WHAT YOU ARE ASKED TO DO
What is needed is an exact copy of the records, with the images left out.

*** Opening RECORDS SUPPLIED ***

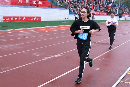16:24,女子5000米比赛开始,这是一番耐力与毅力的比拼,每一位“女将”都是巾帼不让须眉,咬紧着牙关挑战着自我,最终商学院田欣以25′22″28的成绩斩获头名。田欣说:“没有想过会拿第一。在比赛开始前,我有着前所未有的紧张,因为我的目标,是领奖台。只要有人在我前面,我就努力去追,虽然很累,但看到学院书记,我的志愿者,我的同学们,都在为我加油,我便充满了动力。”商学院同样参赛的彭雅凡虽未取得靠前的名次,但她在最后精疲力尽时,仍然完成了冲刺,她说:“哪怕落后,只要一直奔跑,我就永远都不会输”。
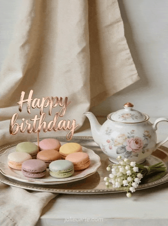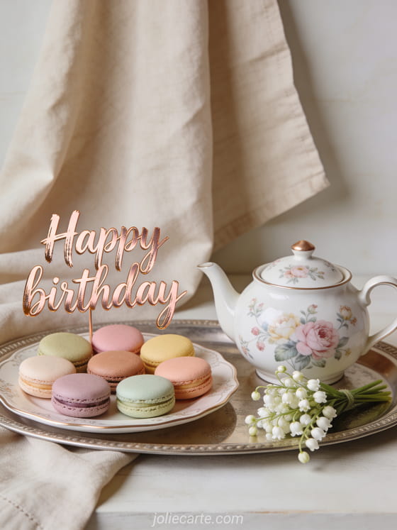 Share this photorealistic birthday card with colorful macarons, a floral teapot, and lily of the valley for a refined celebration. You can also browse dromedary birthday card woman, friend birthday woman friend, and gif happy birthday woman humor.
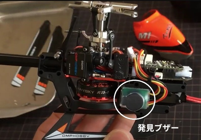 3.機体墜落時にプロポ電源を切って35秒位経過すると大音量ブザーが鳴り始めます。大音量ですのですぐに発見できると思います。ブザーを止めたい場合は機体からバッテリーを抜いてください。
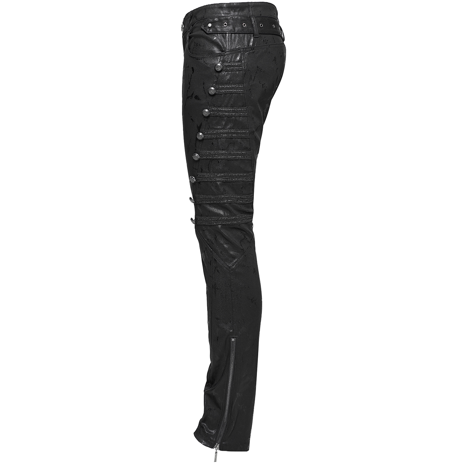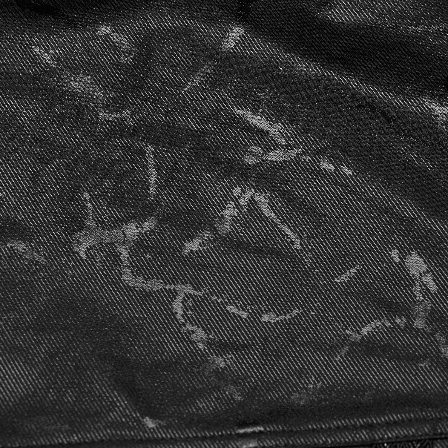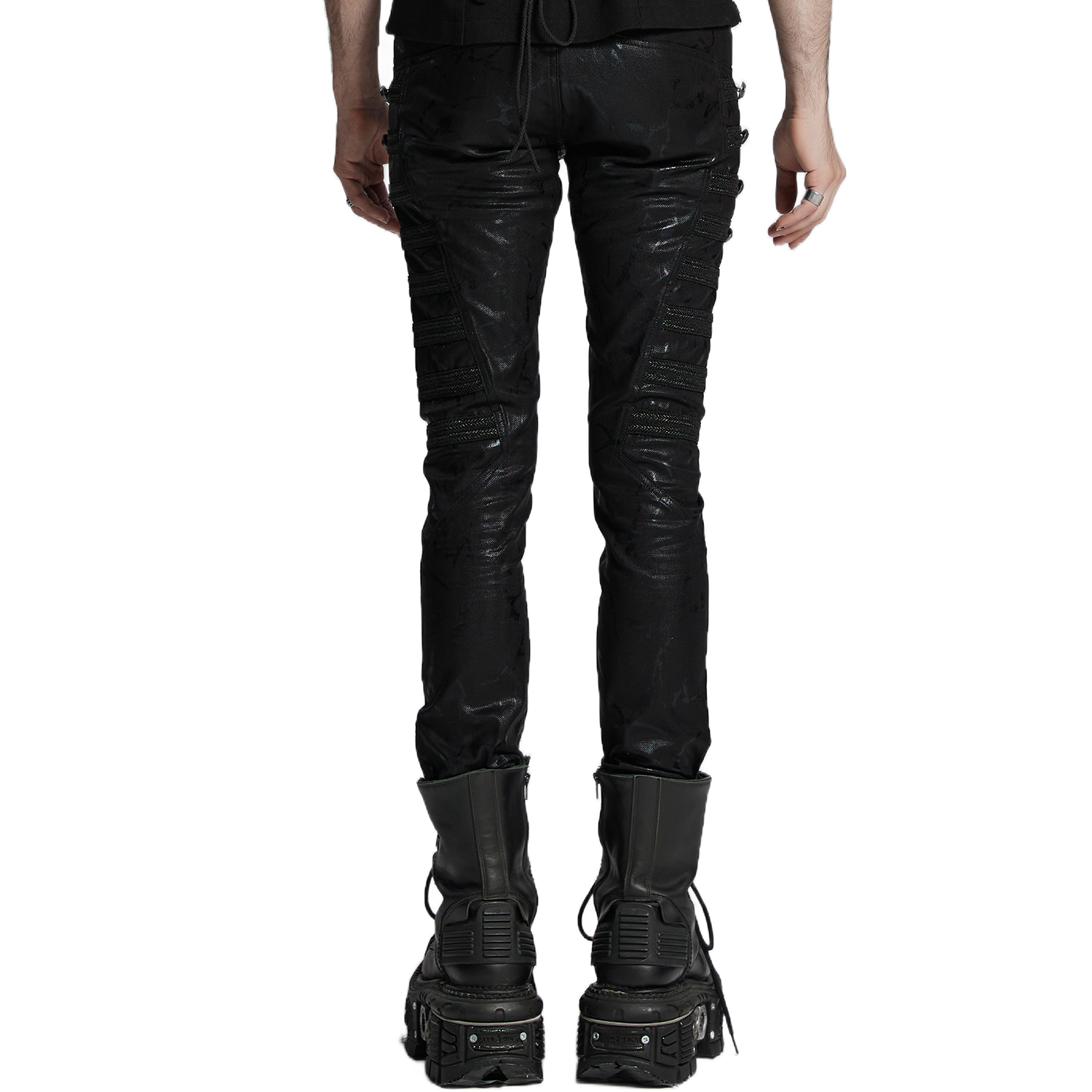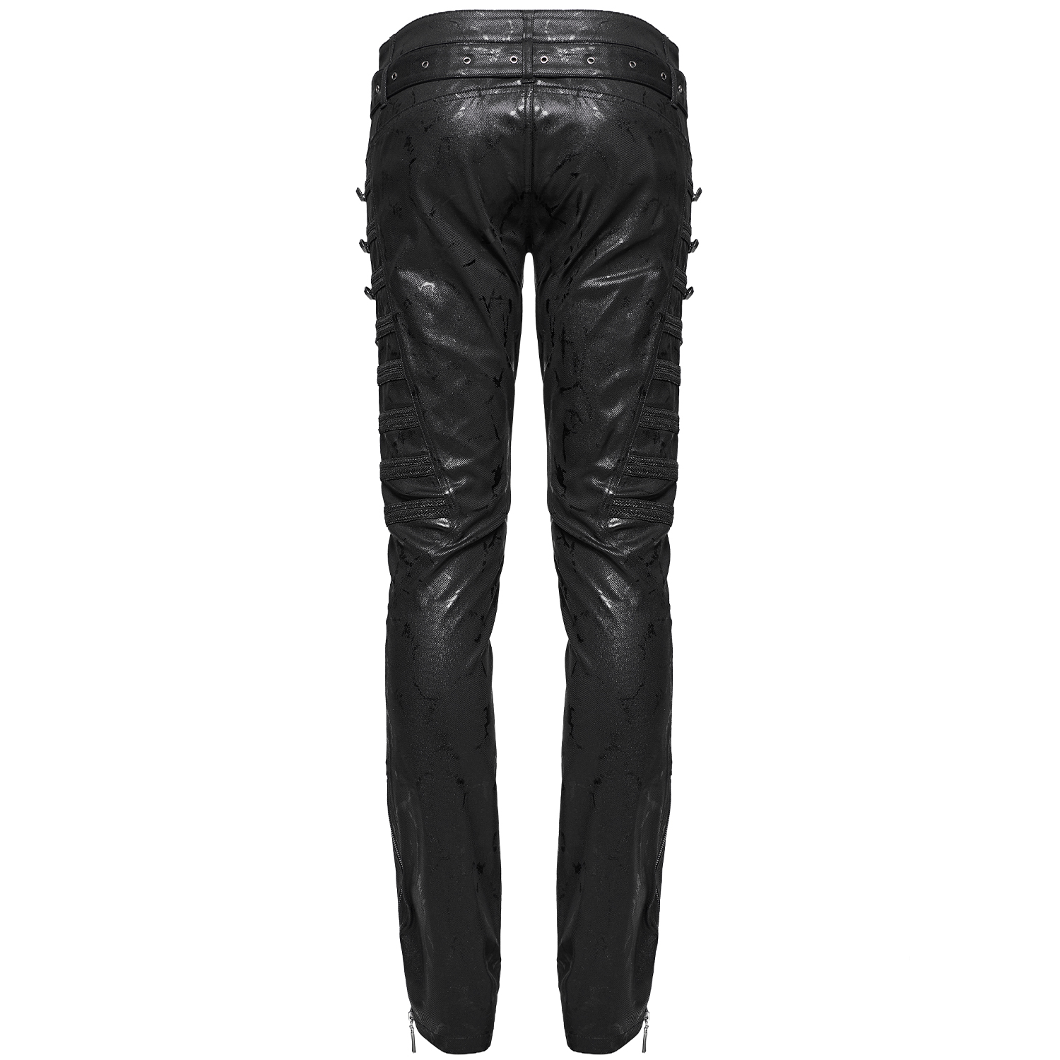 Pantalon noir slim de style post-apocalyptique pour hommes avec peinture en caoutchouc grise irrégulière, détails en résille vieillis et sangles. • Façade ornée d'imprimés gris-blanc irréguliers et...
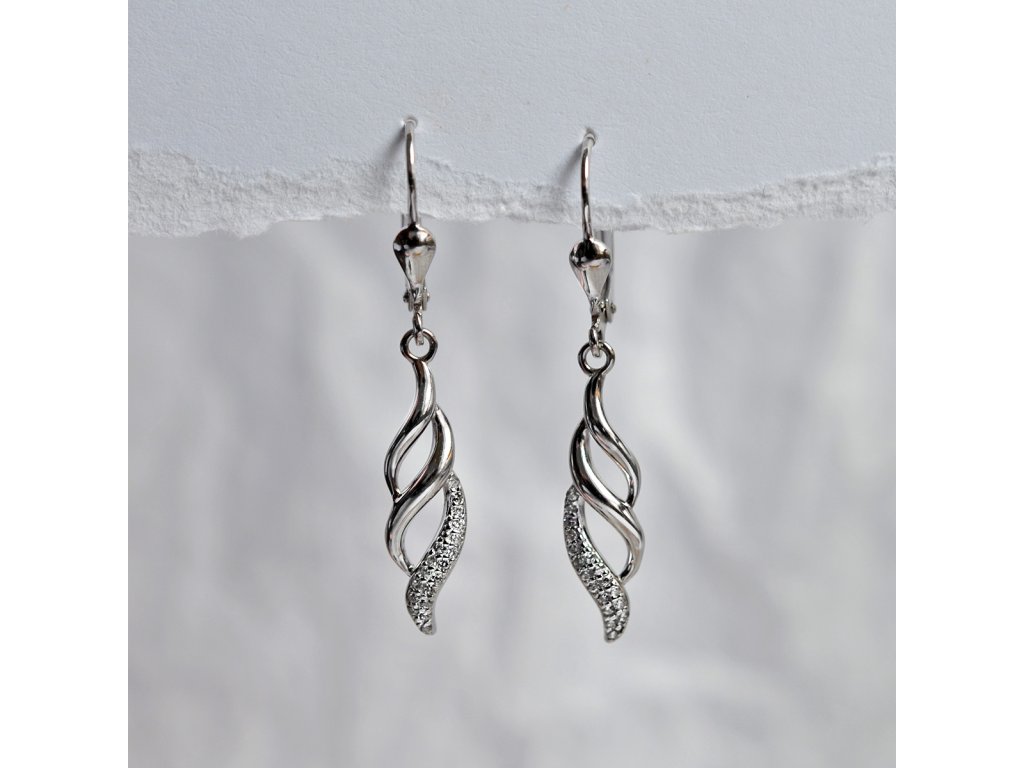 Stříbrné náušnice visací se zirkony bílé vlnky 11550.1 crystal
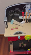Este banco de herramientas es el más grande y completo de nuestra colección. Diseñado especialmente para manos pequeñas con grandes ideas, incluye una increíble variedad de herramientas y accesorios de madera que imitan con gran detalle las herramientas reales: serrucho, martillo, destornillador, pinzas, engranajes, nivel, tornillos, tuercas ¡y mucho más!
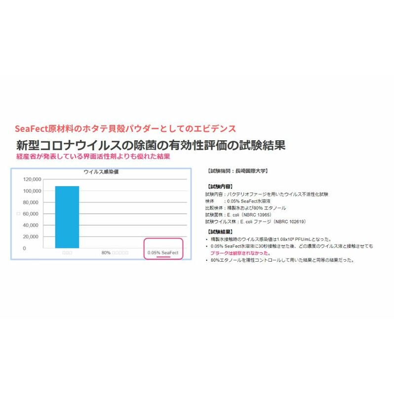 ※抗菌試験は長崎国際大学、新型コロナウイルス不活性化試験は宮崎大学にて対応済みです。
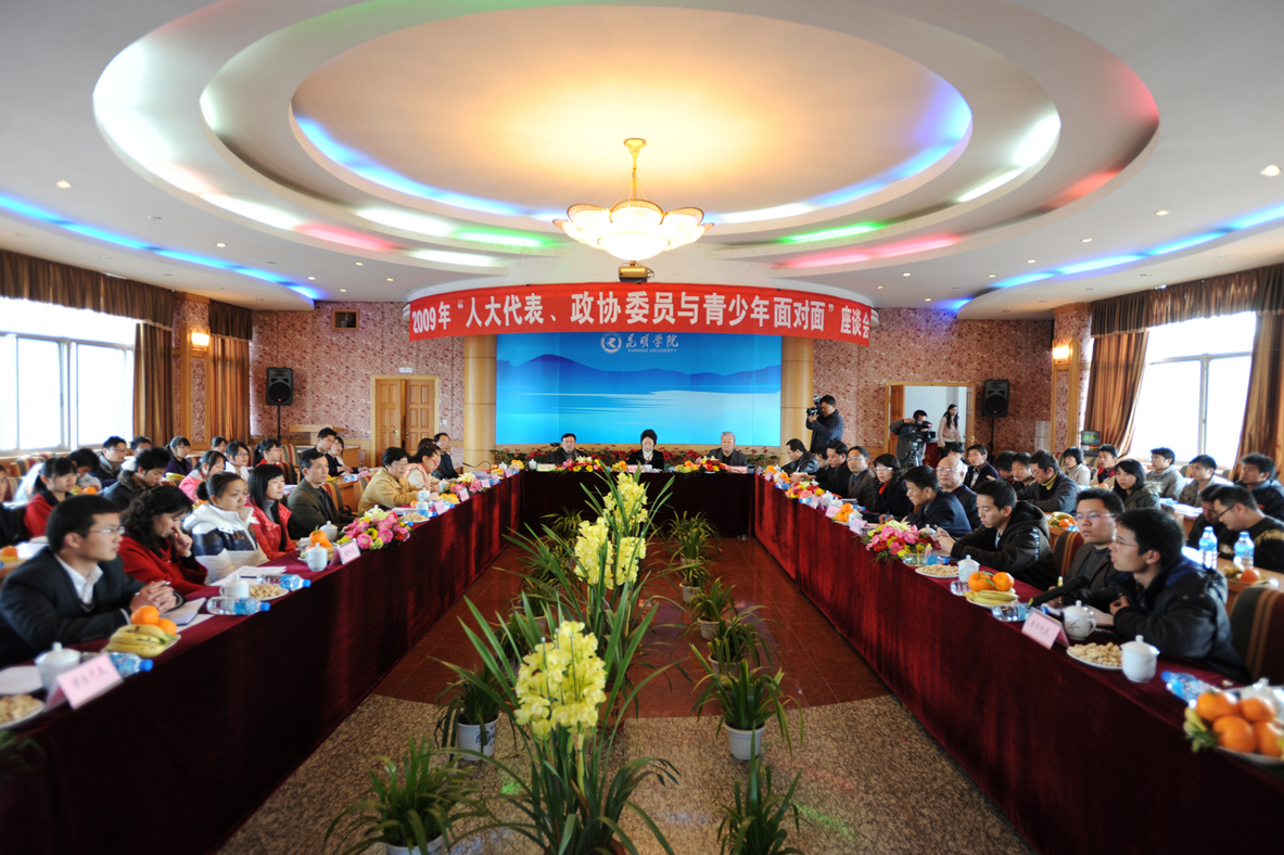 1月7日下午14点30分,由院团委举办的2009年“人大代表、政协委员与青少年面对面座谈会在学院(人民西路校区)多功能厅举行。团省委书记饶南湖、团市委副书记周乐、云南省教育厅厅长助理于达林、开云kaiyun官方网站党委副书记孙勇等省市及学院领导,8位省市人大代表、政协委员出席了此次座谈会,参加此次座谈会的还有创业青年代表及我院大学生代表。中国青年报、云南电视台等多家新闻媒体对本次活动进行了报道。
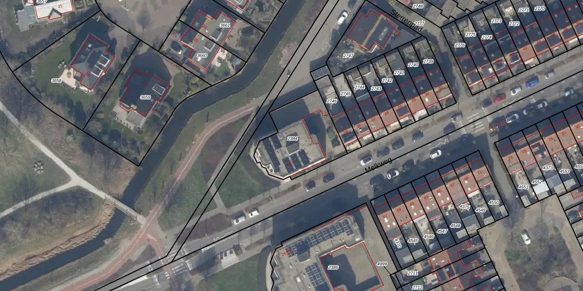 Melkweg 14 is gelegen op kadastraal perceel KWK01C2384. Deze kadastrale aanduiding is uniek en wordt gebruikt door het Kadaster om eigendomsrechten en andere zakelijke rechten vast te leggen. Het perceel maakt onderdeel uit van de kadastrale gemeente Katwijk.
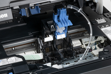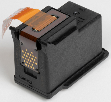 Печатающая головка (в данном случае она одна, черная), как и ранее, очень похожа на картриджи для других моделей серии Pixma. И точно так же владелец устанавливает эту головку перед началом эксплуатации, но никаких пользовательских процедур для ее замены в случае неисправности не предусмотрено, наоборот: извлекать головки самостоятельно не рекомендуется.
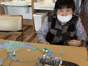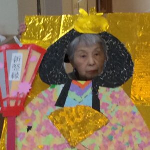 新竪縁小規模多機能ホームでは2月中旬より、この日に向けてお雛様の顔はめパネルを作成していました。

*** Closing RECORDS SUPPLIED ***

SOLUTION TO THIS EXERCISE
16:24,女子5000米比赛开始,这是一番耐力与毅力的比拼,每一位“女将”都是巾帼不让须眉,咬紧着牙关挑战着自我,最终商学院田欣以25′22″28的成绩斩获头名。田欣说:“没有想过会拿第一。在比赛开始前,我有着前所未有的紧张,因为我的目标,是领奖台。只要有人在我前面,我就努力去追,虽然很累,但看到学院书记,我的志愿者,我的同学们,都在为我加油,我便充满了动力。”商学院同样参赛的彭雅凡虽未取得靠前的名次,但她在最后精疲力尽时,仍然完成了冲刺,她说:“哪怕落后,只要一直奔跑,我就永远都不会输”。
 Share this photorealistic birthday card with colorful macarons, a floral teapot, and lily of the valley for a refined celebration. You can also browse dromedary birthday card woman, friend birthday woman friend, and gif happy birthday woman humor.
 3.機体墜落時にプロポ電源を切って35秒位経過すると大音量ブザーが鳴り始めます。大音量ですのですぐに発見できると思います。ブザーを止めたい場合は機体からバッテリーを抜いてください。
 Pantalon noir slim de style post-apocalyptique pour hommes avec peinture en caoutchouc grise irrégulière, détails en résille vieillis et sangles. • Façade ornée d'imprimés gris-blanc irréguliers et...
 Stříbrné náušnice visací se zirkony bílé vlnky 11550.1 crystal
Este banco de herramientas es el más grande y completo de nuestra colección. Diseñado especialmente para manos pequeñas con grandes ideas, incluye una increíble variedad de herramientas y accesorios de madera que imitan con gran detalle las herramientas reales: serrucho, martillo, destornillador, pinzas, engranajes, nivel, tornillos, tuercas ¡y mucho más!
 ※抗菌試験は長崎国際大学、新型コロナウイルス不活性化試験は宮崎大学にて対応済みです。
 1月7日下午14点30分,由院团委举办的2009年“人大代表、政协委员与青少年面对面座谈会在学院(人民西路校区)多功能厅举行。团省委书记饶南湖、团市委副书记周乐、云南省教育厅厅长助理于达林、开云kaiyun官方网站党委副书记孙勇等省市及学院领导,8位省市人大代表、政协委员出席了此次座谈会,参加此次座谈会的还有创业青年代表及我院大学生代表。中国青年报、云南电视台等多家新闻媒体对本次活动进行了报道。
 Melkweg 14 is gelegen op kadastraal perceel KWK01C2384. Deze kadastrale aanduiding is uniek en wordt gebruikt door het Kadaster om eigendomsrechten en andere zakelijke rechten vast te leggen. Het perceel maakt onderdeel uit van de kadastrale gemeente Katwijk.
 Печатающая головка (в данном случае она одна, черная), как и ранее, очень похожа на картриджи для других моделей серии Pixma. И точно так же владелец устанавливает эту головку перед началом эксплуатации, но никаких пользовательских процедур для ее замены в случае неисправности не предусмотрено, наоборот: извлекать головки самостоятельно не рекомендуется.
 新竪縁小規模多機能ホームでは2月中旬より、この日に向けてお雛様の顔はめパネルを作成していました。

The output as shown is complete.